Invalidité: les pistes de réforme de la Cour des comptes

Publié le 26 mai 2025


La Cour des comptes a émis plusieurs recommandations visant notamment à encourager le maintien dans l’emploi des personnes en invalidité à l’occasion de la publication, le 26 mai 2025, de son rapport sur l’application de la loi de financement de la Sécurité sociale (RALFSS) pour 2024. 
Le régime général a versé une pension d’invalidité à un peu plus de 700000 assurés en décembre 2023, dont 57 % de femmes, et à plus de 830000 assurés au moins une fois pendant l’année. 27% des personnes concernées relevaient, en 2023, de la première catégorie (et donc en état d’exercer une activité professionnelle), 71% en catégorie 2 (présumées incapables de travailler) et 2% en catégorie 3 (incapables de travailler et nécessitant l’aide d’une tierce personne).

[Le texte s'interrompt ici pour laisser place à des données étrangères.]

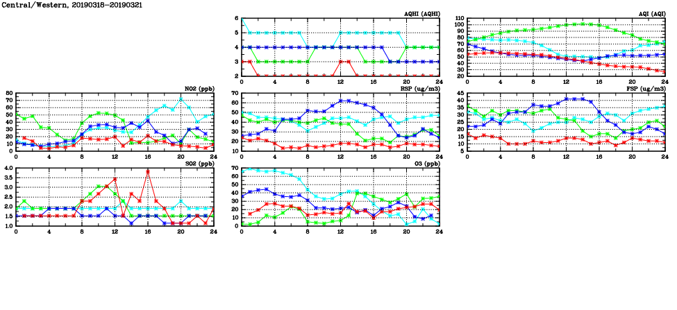 | Air Quality Data Time Series in Central/Western (2019/03/21) | ( Line colors: Day -3 Day -2 Day -1 Current day ) | 2D Map Current AQHI |

Le coût total de ces prestations pour l’assurance maladie s’élève à 7,5Mds€ (hors allocation supplémentaire d’invalidité), en hausse de 15,5% à périmètre constant entre 2018 et 2023, soit à peine plus que l’inflation (+13,9%). Les pathologies les plus fréquemment déclarées comme motif principal d’invalidité sur près de 67000 avis médicaux favorables à une admission en invalidité concernent les troubles dépressifs (12400), les cancers du sein (3200) et les accidents vasculaires cérébraux et les lombalgies (1500 chacun). Les personnes âgées de 50 à 62 ans concentrent les trois quarts des bénéficiaires d’une pension d’invalidité.
En termes d’évolution, la forte augmentation observée entre 2010 et 2019 en lien avec le recul de l’âge légal de retraite de 60 à 62 ans a été stoppée net par la pandémie de Covid. Si le retard pris dans l’instruction des dossiers a été rattrapé en 2021 et 2022, les effectifs d’invalides ont de nouveau diminué en 2023 sous l’effet d’une inversion de la courbe démographique des 50-62 ans désormais orientée à la baisse (de 0,6% par an en moyenne au cours de la prochaine décennie). 

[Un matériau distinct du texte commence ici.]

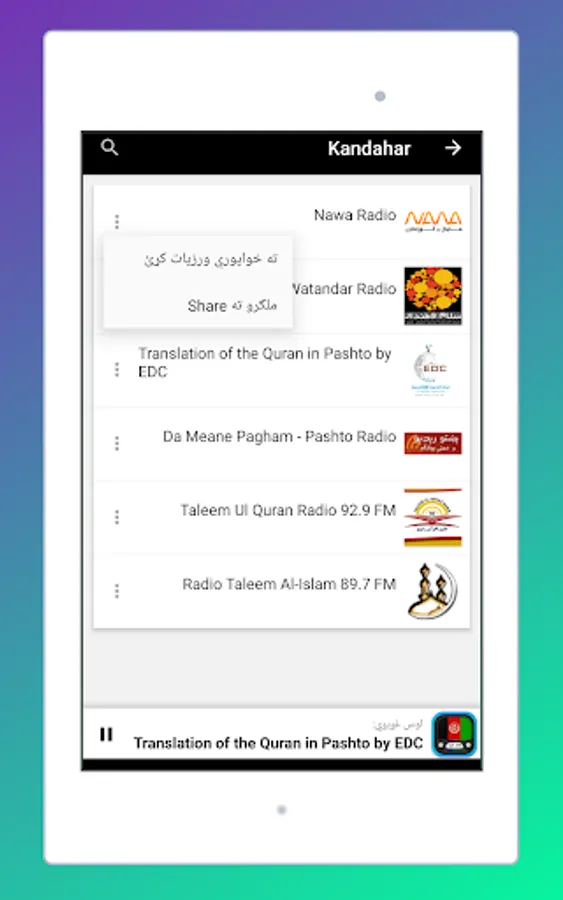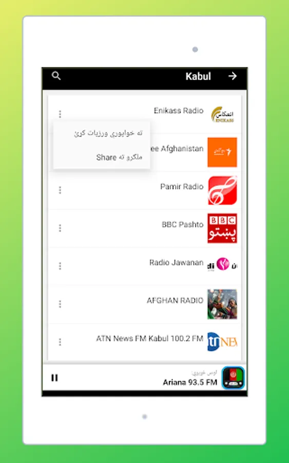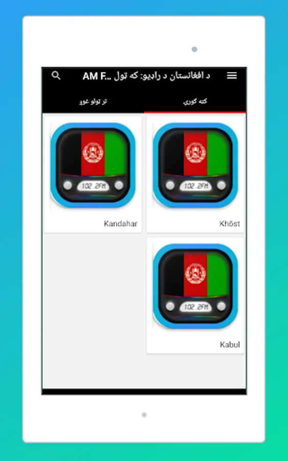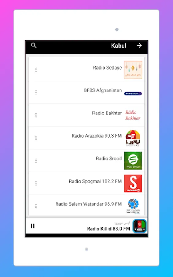 The Start screen and the interface of this application online radio stations of Afghanistan is elegant, and the most important thing is that it is very easy to use. As a user, you don't have to look for normal radio Frequencies. Just touch the name of your favorite Afghanistan radio and start listening live.

Du point de vue administratif et médical, la gestion de l’invalidité par les CPAM souffre d’une « organisation complexe», d’une répartition territoriale hétérogène des médecins conseils de surcroît en sous-effectif qui débouche sur un manque d’équité de traitement des assurés. Conséquence, en 2023, le taux de dossiers acceptés en invalidité variait de 31% à 85% selon les départements. Surtout, la délimitation des catégories d’invalidité ne correspond plus à la réalité des situations : si 69% des invalides de catégorie 1 travaillaient en novembre 2024, c’était aussi le cas de 21% de ceux de catégorie 2 et de 6,4% de ceux classés en catégorie 3. Pour la Cour des comptes, ce décalage s’explique par l’absence de référentiel associant pathologies et incapacité permanente de travail permettant aux médecins conseil d’apprécier la capacité de travail des demandeurs mais aussi les possibilités de reclassement en entreprise et de formation. De plus, seuls 20724 dossiers de pensionnés (soit 2,9% du total) ont donné lieu à une réévaluation de la capacité de travail dans l’année, souligne la Cour des comptes qui préconise d’accorder les pensions de catégorie 1 pour une durée limitée, mais renouvelable, dépendant de l’âge et de l’état de santé du bénéficiaire
S’agissant des nouvelles règles de cumul d’une pension d’invalidité avec un revenu d’activité mises en œuvre en 2022 (lire KPS du 2 mars 2022), la réforme a, selon la CNAM, bénéficié à 65394 assurés qui ont profité d’une majoration de leur pension contre 9950 qui ont vu leur pension amputée et 1474 qui en ont perdu le bénéfice du fait d’une rémunération supérieure au plafond. La rectification du plafond à l’été 2023 a toutefois permis de restaurer ou de réaugmenter la pension de 6700 bénéficiaires (lire KPS du 31 juillet 2023). 
Pour prévenir la désinsertion des personnes en arrêt de  travail de longue durée, la Cour préconise de rendre obligatoire la convocation des salariés absents depuis plus de 30 jours à une visite de préreprise. Elle suggère aussi d’anticiper la mise en invalidité dès la stabilisation de l’état de santé de l’assuré, autrement dit de ne pas attendre le terme des 36 mois de versement des indemnités journalières. En 2023, 20,7% des assurés étaient dans cette situation contre 17,9% en 2019.